→ Work instructions:
Please make an exact copy of the lines from the one holding "Select Apply to" through the end of the data, both ends included, with no pictures.

→ Collected material:
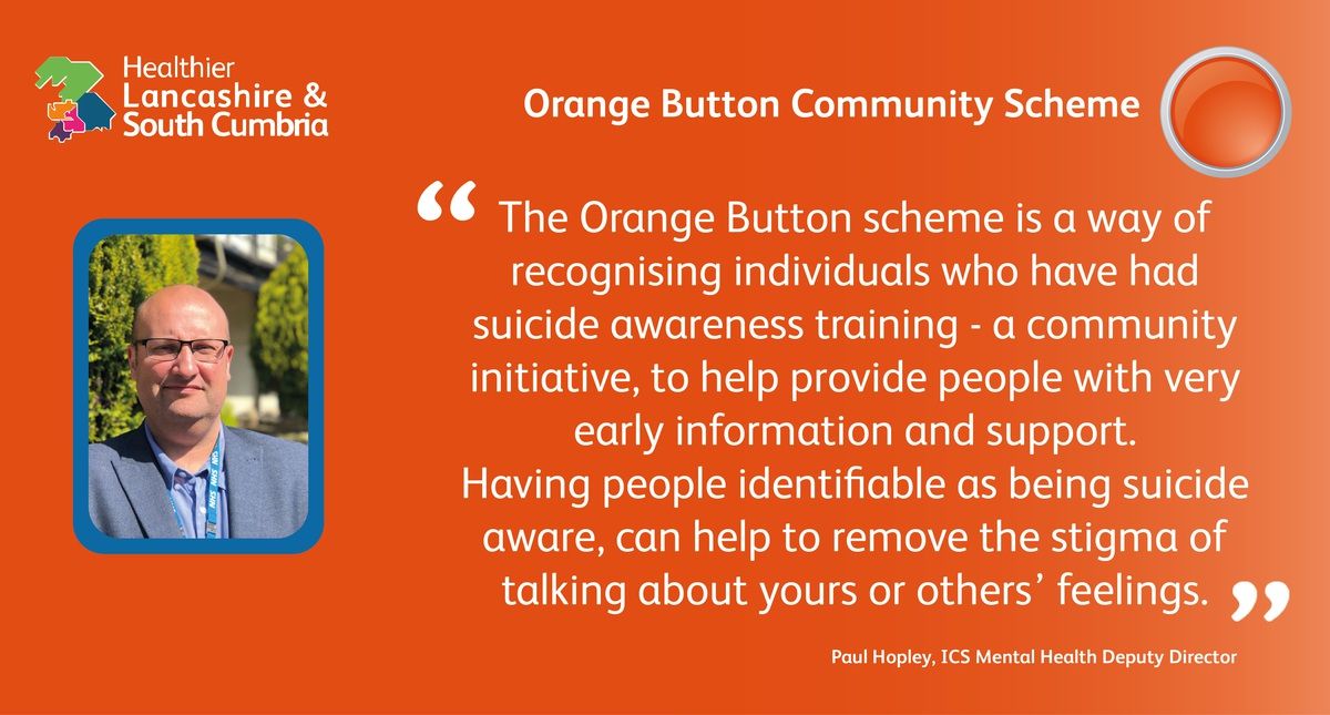 If you are ready to book onto a course, go straight to Lancashire Mind's booking page. Please book one of the four courses named above to ensure you qualify to become an orange button holder.
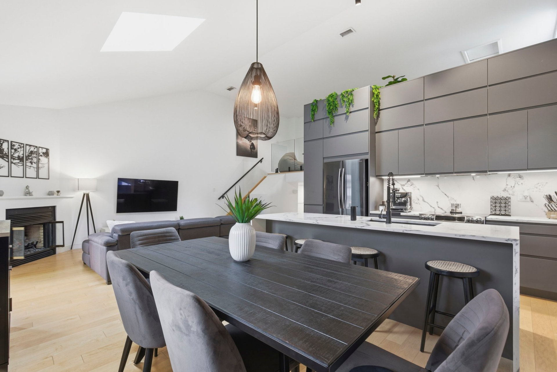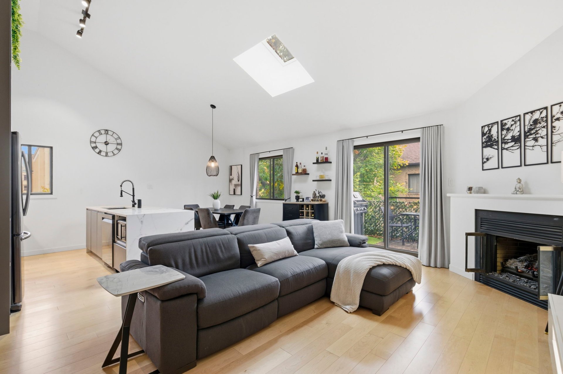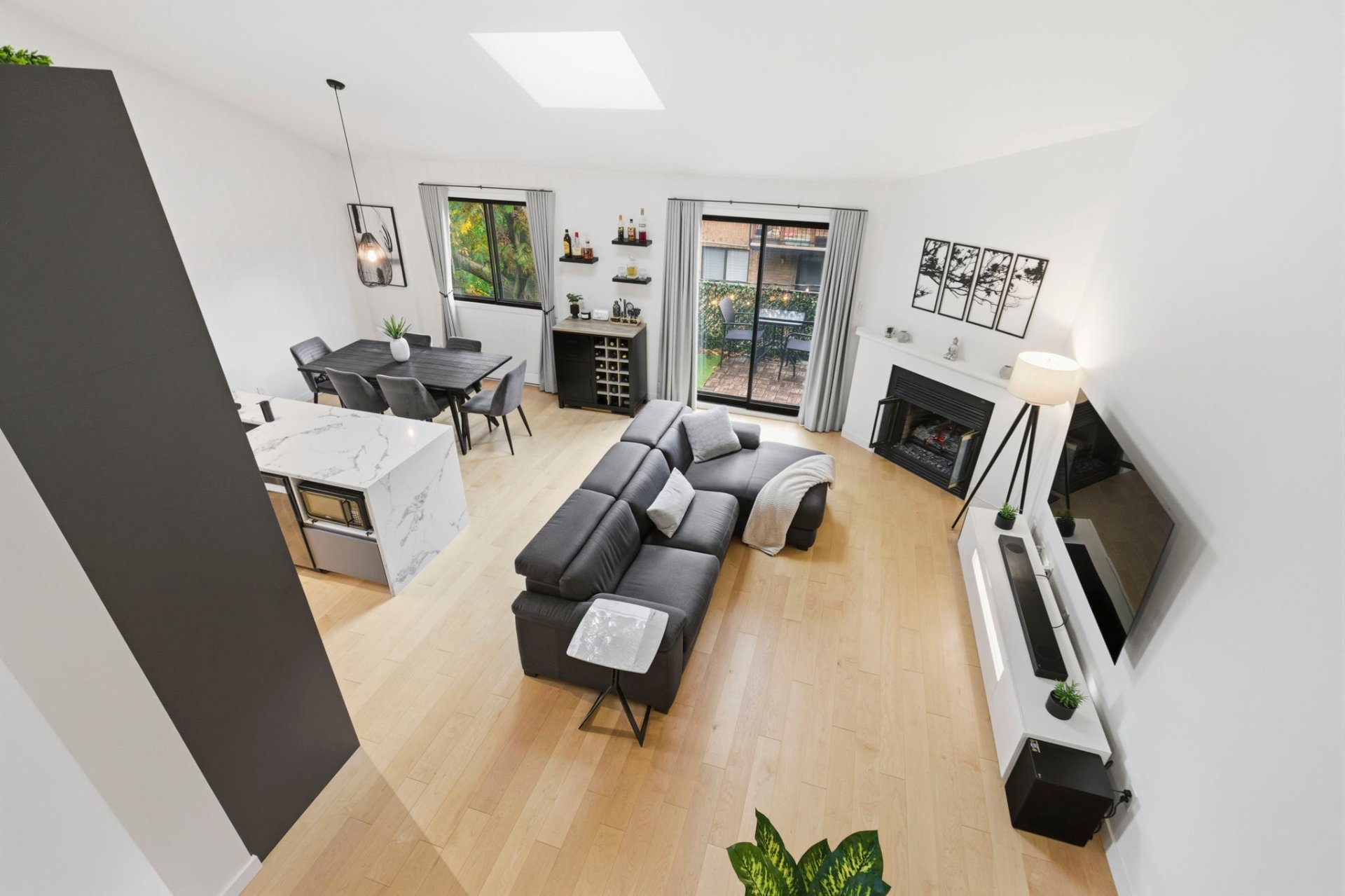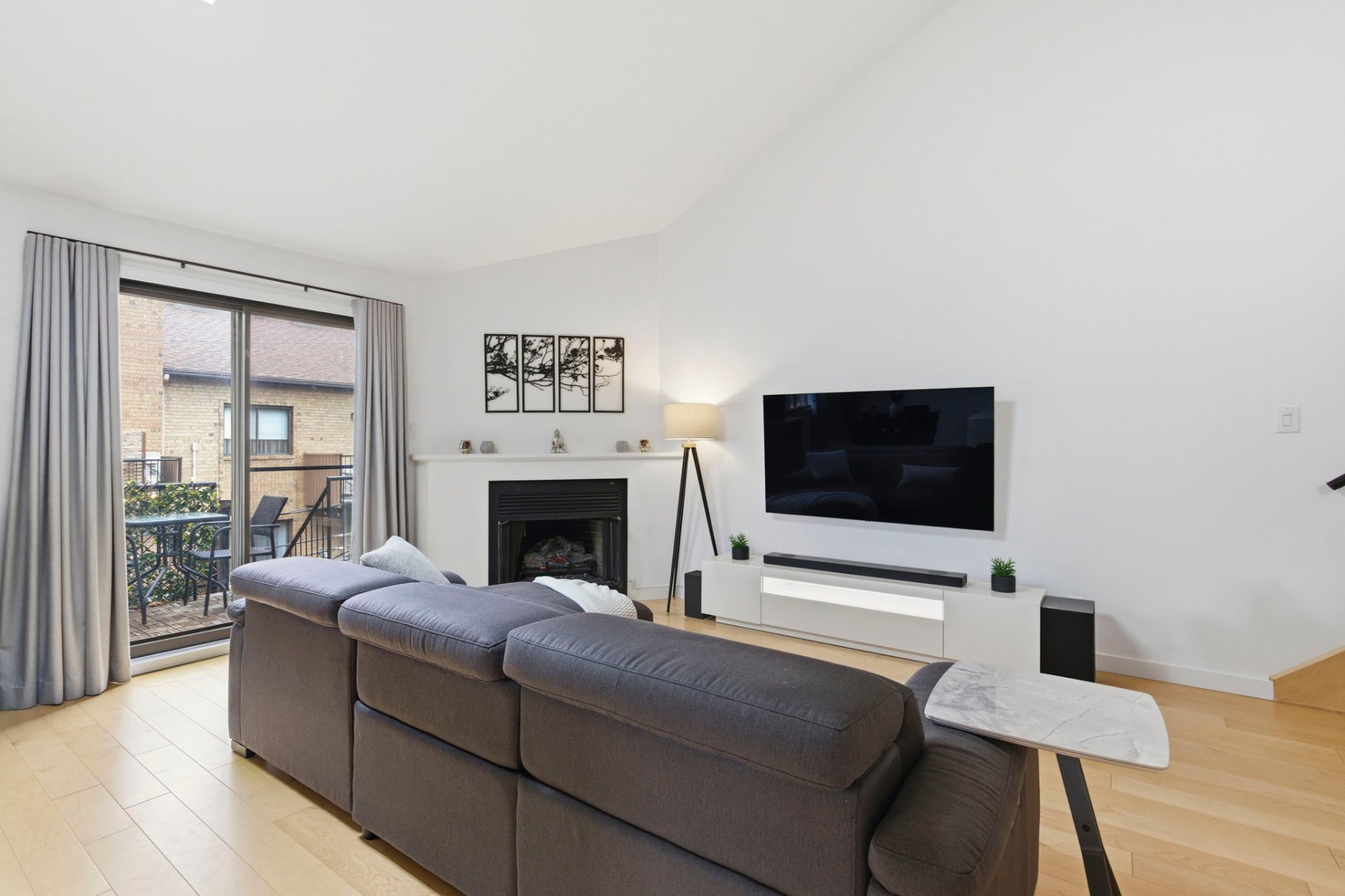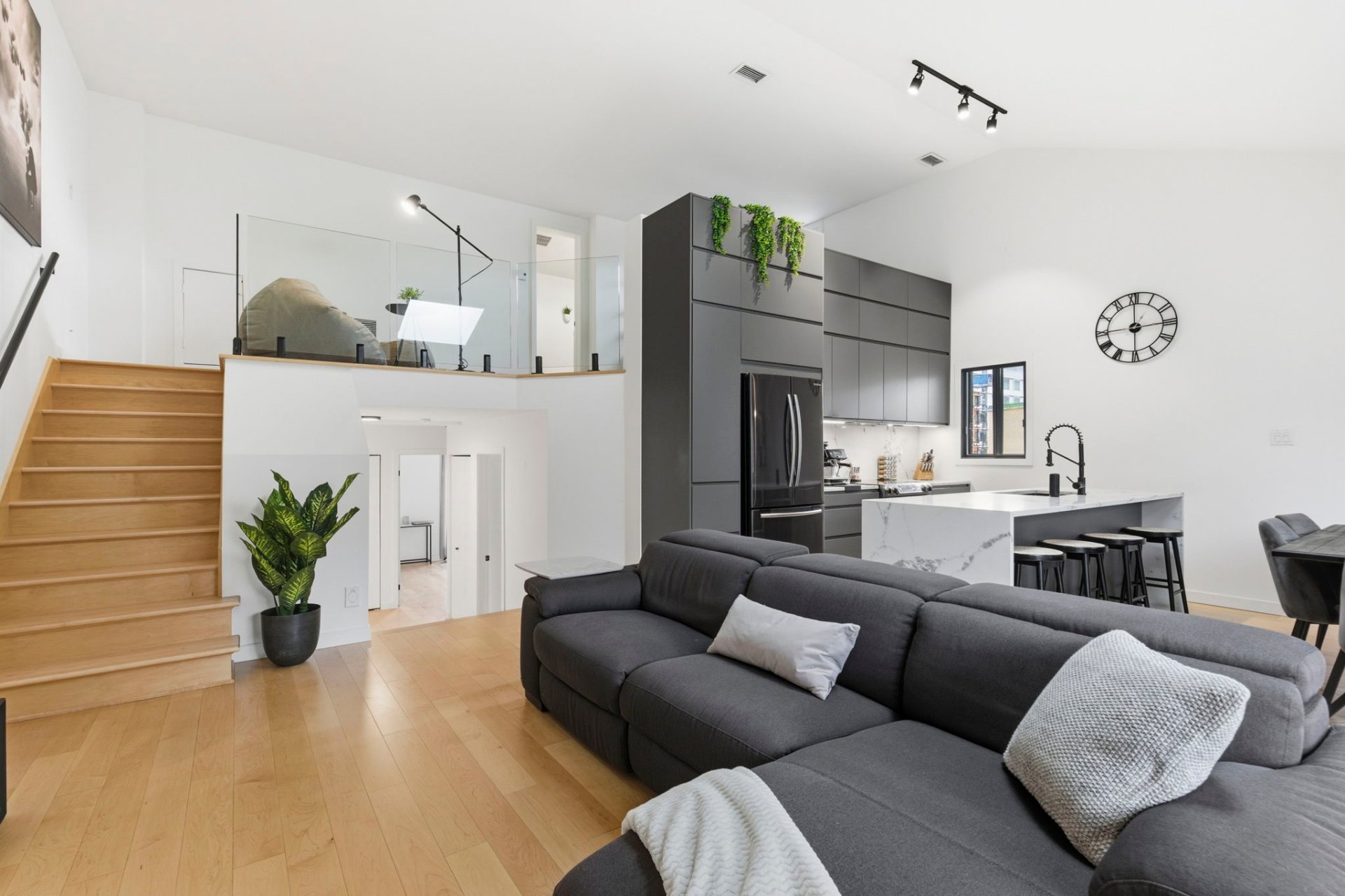 Contemporary-style 1,350 sq. ft. condo with garage in the Cité-Jardin area of Rosemont, near the Assomption metro station. The living room, the centerpiece of the house, captivates with its warm ambiance and impressive volume thanks to the cathedral ceiling. The fully renovated kitchen blends harmoniously into the living area. The view of the living room from the mezzanine adds an exceptional touch to the apartment. Two bathrooms, one of which was renovated in 2020, maintain the same modern style of the property. Two closed bedrooms. One terrace and one balcony. Central heat pump installed in 2023.
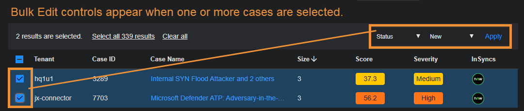Select Apply to apply your bulk action to the selected cases.
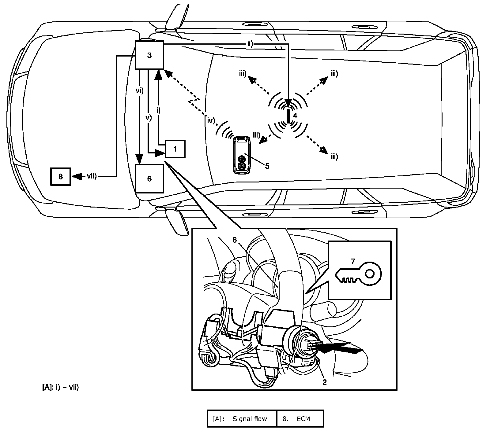 When the ignition knob switch (2) installed to the steering lock unit (1) is pushed, the keyless start control module (3) activates the center antenna (4) to send out the request signal in the vehicle compartment. When the remote controller (5) receives the request signal from the center antenna, it transmits the ID code to the keyless start control module. The keyless start control module compares the ID code sent by the remote controller with the ID code registered in the keyless start control module. When these ID codes match, the keyless start control module makes the key indicator light (7) in the combination meter (6) light in blue and unlocks the steering lock unit to enable the ignition knob switch to turn. When the ignition knob switch is turned to ON position in this state, ID codes of ECM and keyless start control module are compared through CAN communication (immobilizer function). When they match, turning the ignition knob switch to start position will start the engine.

→ Response area:
Select Apply to apply your bulk action to the selected cases.
 When the ignition knob switch (2) installed to the steering lock unit (1) is pushed, the keyless start control module (3) activates the center antenna (4) to send out the request signal in the vehicle compartment. When the remote controller (5) receives the request signal from the center antenna, it transmits the ID code to the keyless start control module. The keyless start control module compares the ID code sent by the remote controller with the ID code registered in the keyless start control module. When these ID codes match, the keyless start control module makes the key indicator light (7) in the combination meter (6) light in blue and unlocks the steering lock unit to enable the ignition knob switch to turn. When the ignition knob switch is turned to ON position in this state, ID codes of ECM and keyless start control module are compared through CAN communication (immobilizer function). When they match, turning the ignition knob switch to start position will start the engine.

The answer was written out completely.